**WHAT NEEDS TO BE DONE**: Starting at the first line of the data and ending at the line with "1 - железобетонная", copy each line exactly. Include both of those lines, but no pictures.

Records from a dataset
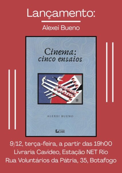 – DIA 09 DE DEZEMBRO, A PARTIR DAS 19h, “CINEMA: CINCO ENSAIOS”, de ALEXEI BUENO. Local: Livraria Cavideo, Estação NET Rio, Rua Voluntários da Pátria, 35, Botafogo.
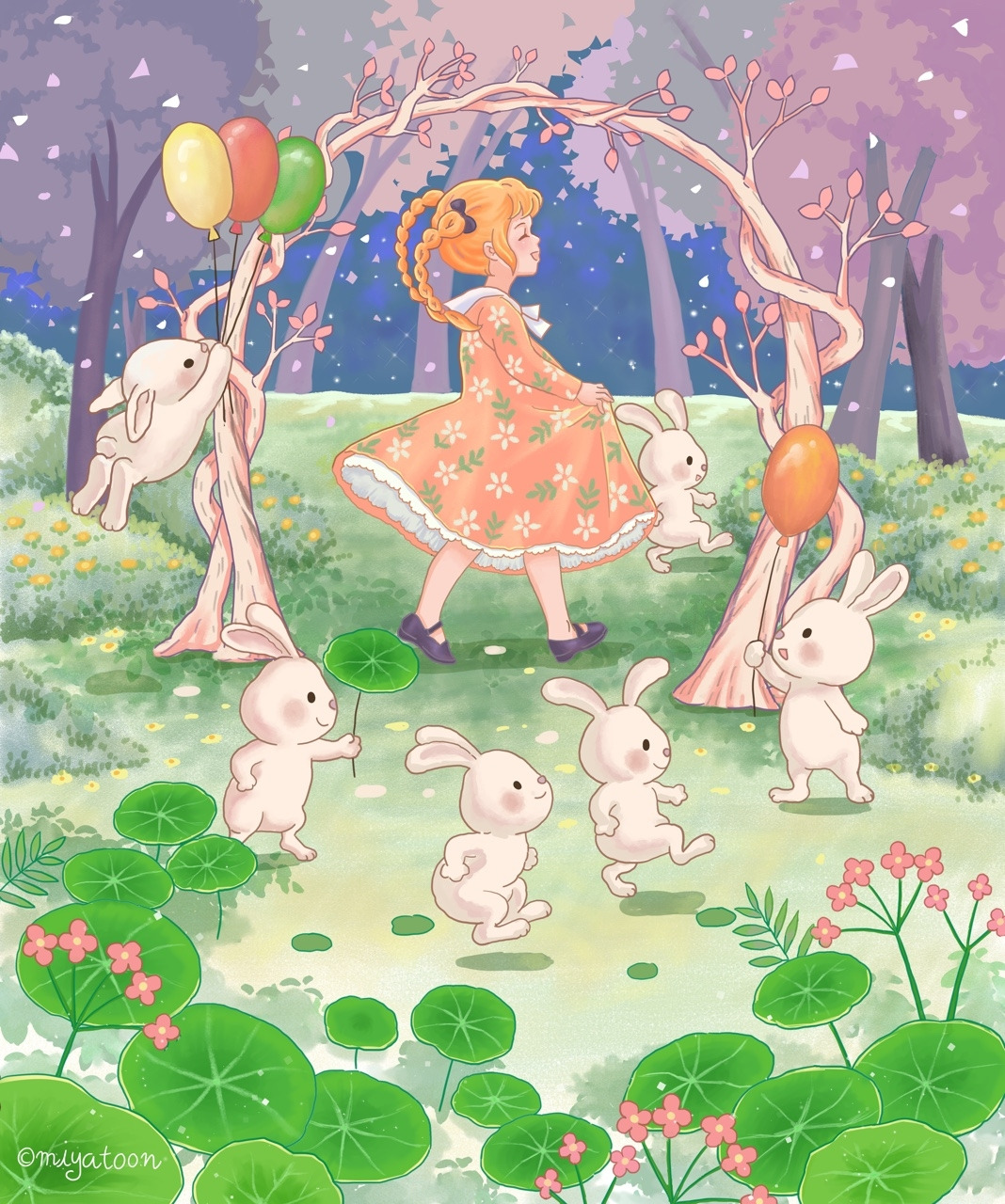 초록빛이 날로 짙어져 가는 한여름이에요. 바람은 나뭇잎을 살랑살랑 흔들고 나뭇잎은 반짝반짝 빛가루를 쏟아내요. 빛가루는 바람을 타고 우아하게 춤을 추어요. 시원한 바람이 소녀의 이마에 맺힌 땀을 식혀줘요. 나무에 가려져 있지만 하늘에는 둥근 보름달이 떠 숲 속을 환하게 밝혀줘요. 소녀가 밤마실을 나왔어요. 숲 속 학교에서 수업을 하던 토슬반 친구들이 소녀를 발견했어요. 콧노래를 흥얼대며 소녀가 걸어가요. 토끼 한 마리가 몰래 교실을 빠져나와 소녀를 뒤따르기 시작했어요. 소녀는 갖고 있던 풍선을 선물로 주었어요. 소녀와 토끼가 신나게 놀다 보니 어느새 토끼 친구들이 모여들었어요. 하나 둘, 하나 둘, 소녀와 토끼들이 행진을 하다 아지트를 찾았어요. 둥근 아치형 문으로 들어가요. 똑똑, 잠시 실례합니다. 소녀는 무척 예의가 바르기 때문에 성에 사는 주인에게 인사를 잊지 않아요.
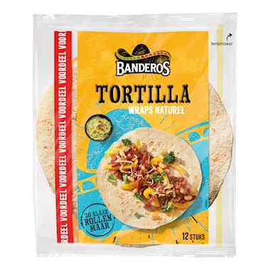 2. Verhit de tortilla's gedurende 10 tot 15 seconden in de magnetron op 700W of bak beide zijden 10 tot 15 seconden in een droge pan.
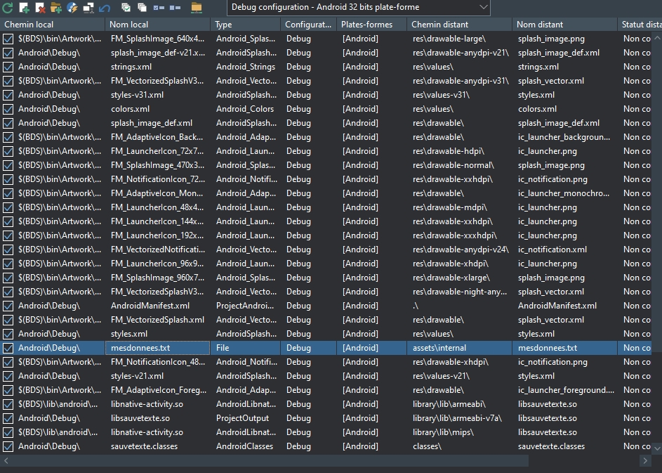 Pour placer vos fichiers dans le dossier dans votre application (interne ou externe). Sélectionner chemin distant du Gestionnaire de déploiement :
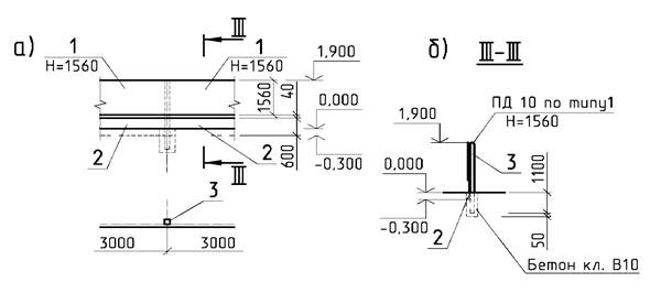 1 - железобетонная панель ограждения; 2 - железобетонные
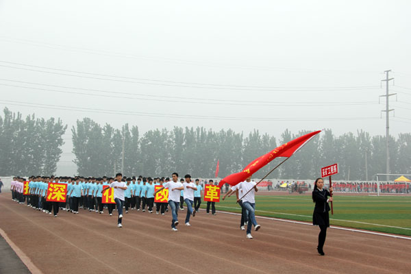 上午8时,伴随着激昂的运动员进行曲,学院仪仗队率先走过主席台。裁判员队、各系、区代表方队,依次迈着矫健的步伐、喊着嘹亮的口号,整齐走过主席台接受检阅。昂扬的风貌、自信的微笑,响亮的口号,表达了同学们积极向上、建设五型校园、美丽校园的信心和决心,引起了现场热烈的掌声。
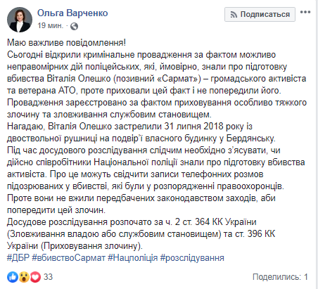 "Сегодня открыли уголовное производство по факту возможно неправомерных действий полицейских, которые, вероятно, знали о подготовке убийства Виталия Олешко (позывной "Сармат") - общественного активиста и ветерана АТО, однако скрыли этот факт и не предупредили его", - написала Варченко.
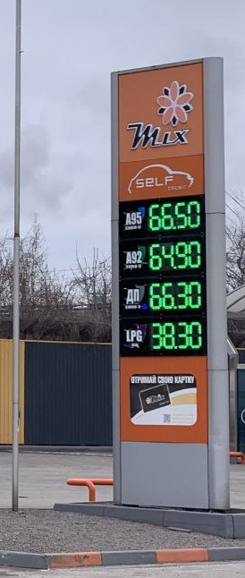 Автомобільний газ (LPG): ціна на заправках міста тримається в діапазоні 36,99–41,99 грн/л. На станціях мережі Mlx вартість становить 38,30 грн/л.
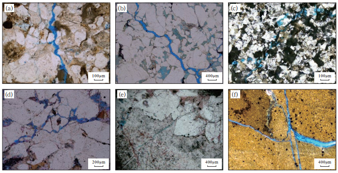 图 8 鄂尔多斯盆地神府区块太原组—本溪组砂岩微裂缝发育特征图片 Fig. 8 Development characteristics of micro fractures in Taiyuan Formation-Benxi Formation sandstone reservoirs in Shenfu block, Ordos Basin (a) X-72井,2015.35m,太原组,裂缝,铸体薄片,100×;(b) X1-27-1D井,2205.60m,本溪组,裂缝,铸体薄片,25×;(c) X-14井,2100.54m,太原组,微裂缝,铸体薄片,100×;(d) X-30井,2065.51m,本溪组,裂缝,铸体薄片,50×;(e) X-07井,2005m,本溪组,微裂缝,铸体薄片,25×;(f) X-24井,1887.65m,本溪组,裂缝,铸体薄片,25× |
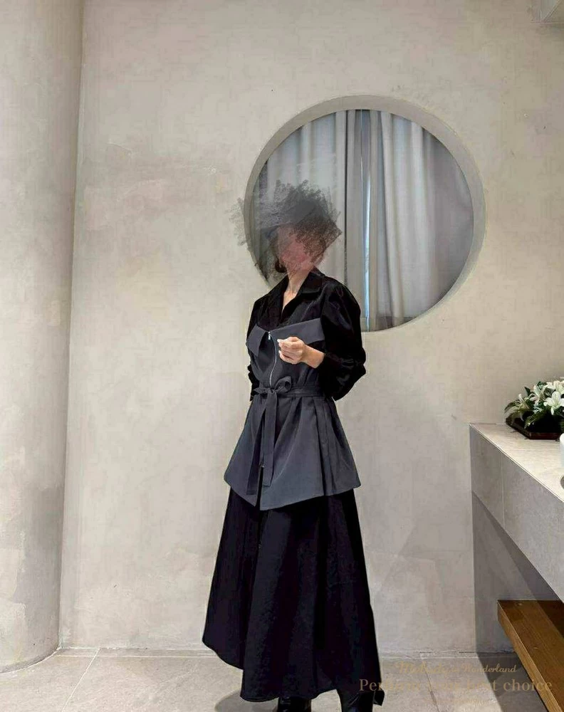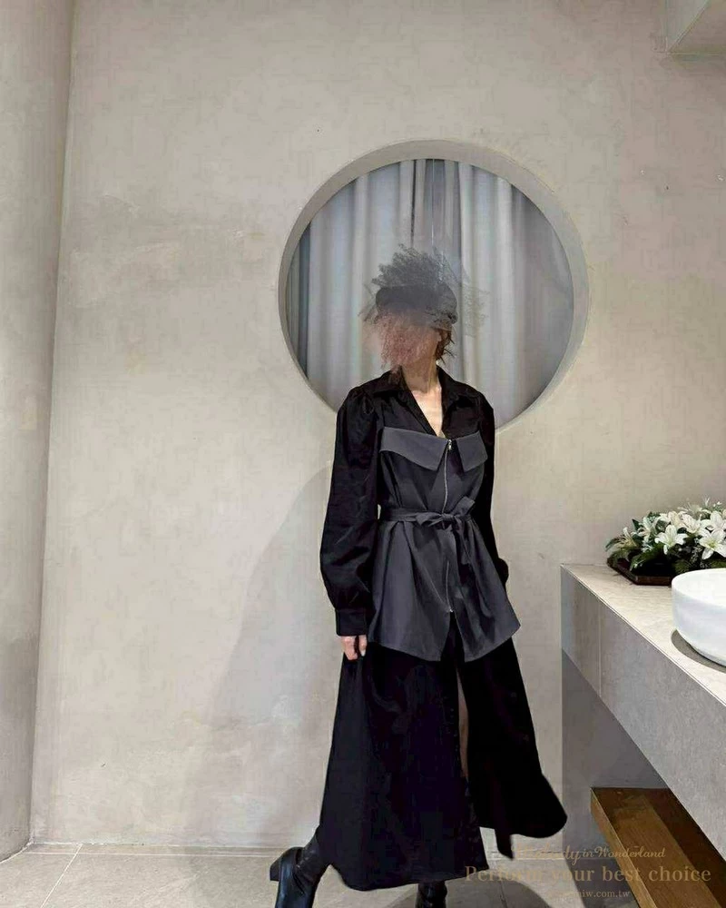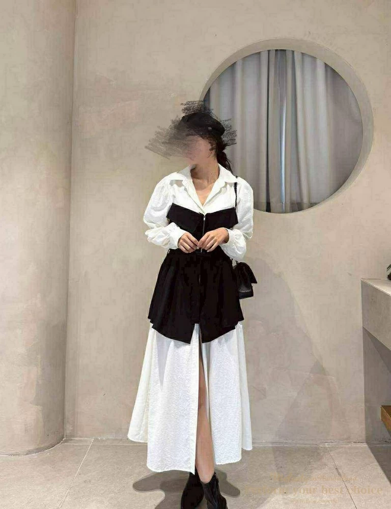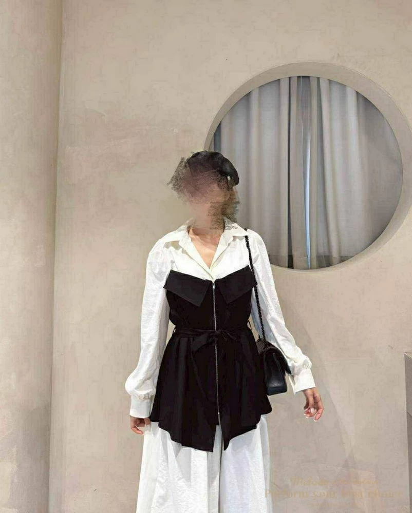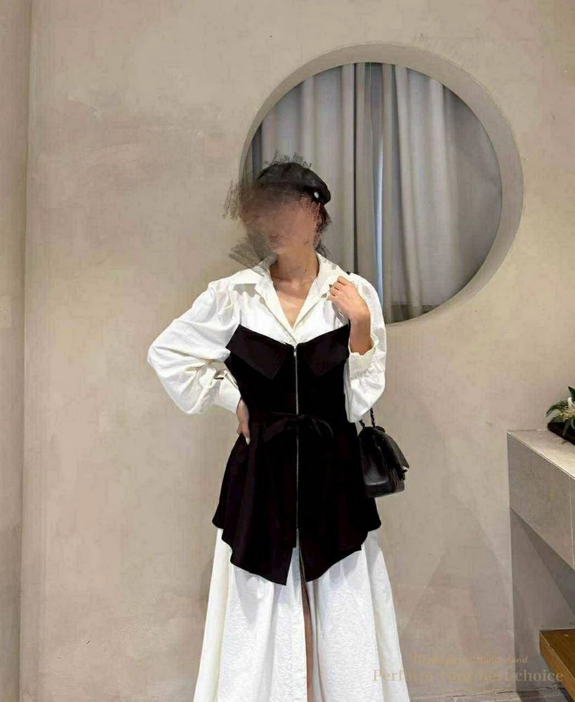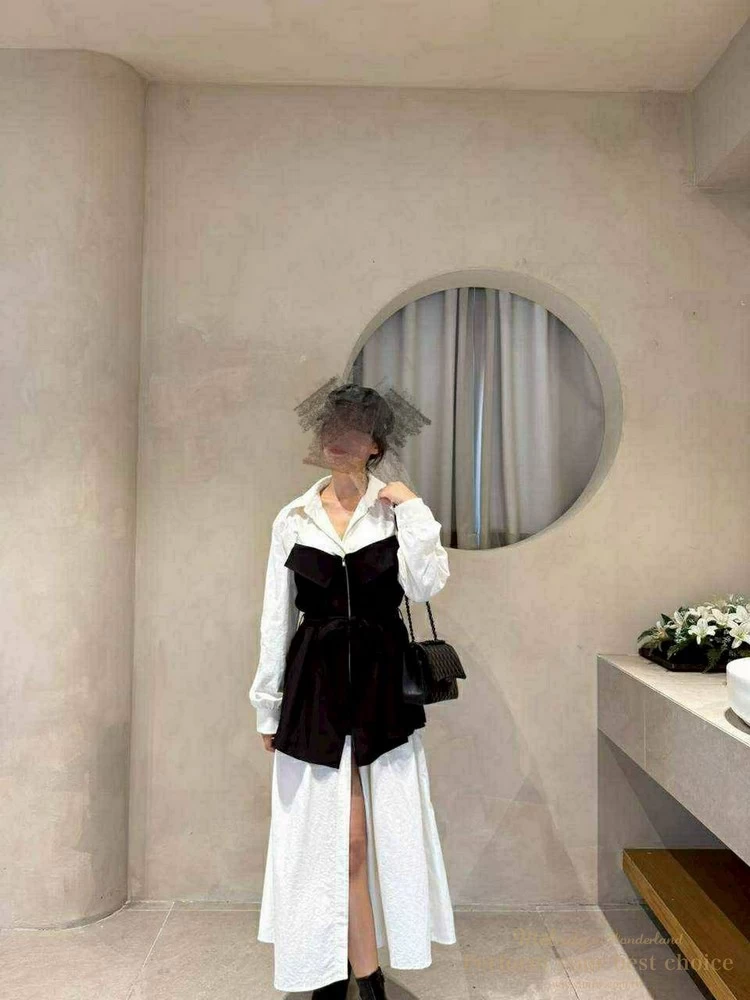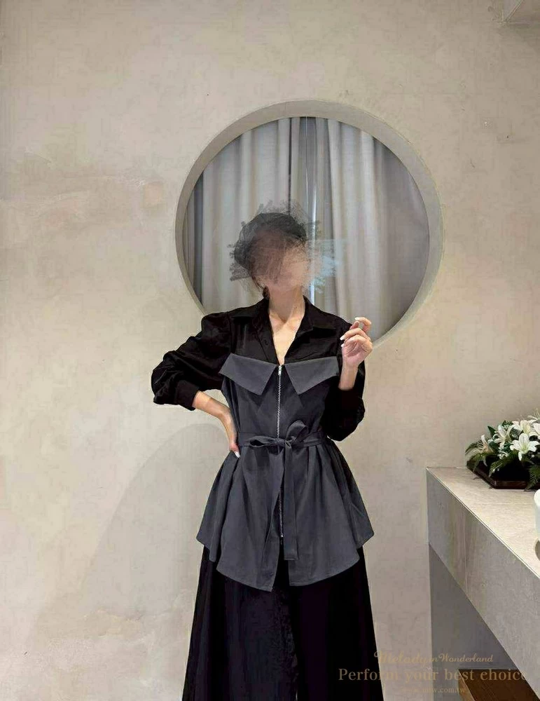 2511-125 假兩件翻領背心造型襯衫洋裝-附綁帶(3色)

**ANSWER TO THIS TASK**:
 – DIA 09 DE DEZEMBRO, A PARTIR DAS 19h, “CINEMA: CINCO ENSAIOS”, de ALEXEI BUENO. Local: Livraria Cavideo, Estação NET Rio, Rua Voluntários da Pátria, 35, Botafogo.
 초록빛이 날로 짙어져 가는 한여름이에요. 바람은 나뭇잎을 살랑살랑 흔들고 나뭇잎은 반짝반짝 빛가루를 쏟아내요. 빛가루는 바람을 타고 우아하게 춤을 추어요. 시원한 바람이 소녀의 이마에 맺힌 땀을 식혀줘요. 나무에 가려져 있지만 하늘에는 둥근 보름달이 떠 숲 속을 환하게 밝혀줘요. 소녀가 밤마실을 나왔어요. 숲 속 학교에서 수업을 하던 토슬반 친구들이 소녀를 발견했어요. 콧노래를 흥얼대며 소녀가 걸어가요. 토끼 한 마리가 몰래 교실을 빠져나와 소녀를 뒤따르기 시작했어요. 소녀는 갖고 있던 풍선을 선물로 주었어요. 소녀와 토끼가 신나게 놀다 보니 어느새 토끼 친구들이 모여들었어요. 하나 둘, 하나 둘, 소녀와 토끼들이 행진을 하다 아지트를 찾았어요. 둥근 아치형 문으로 들어가요. 똑똑, 잠시 실례합니다. 소녀는 무척 예의가 바르기 때문에 성에 사는 주인에게 인사를 잊지 않아요.
 2. Verhit de tortilla's gedurende 10 tot 15 seconden in de magnetron op 700W of bak beide zijden 10 tot 15 seconden in een droge pan.
 Pour placer vos fichiers dans le dossier dans votre application (interne ou externe). Sélectionner chemin distant du Gestionnaire de déploiement :
 1 - железобетонная панель ограждения; 2 - железобетонные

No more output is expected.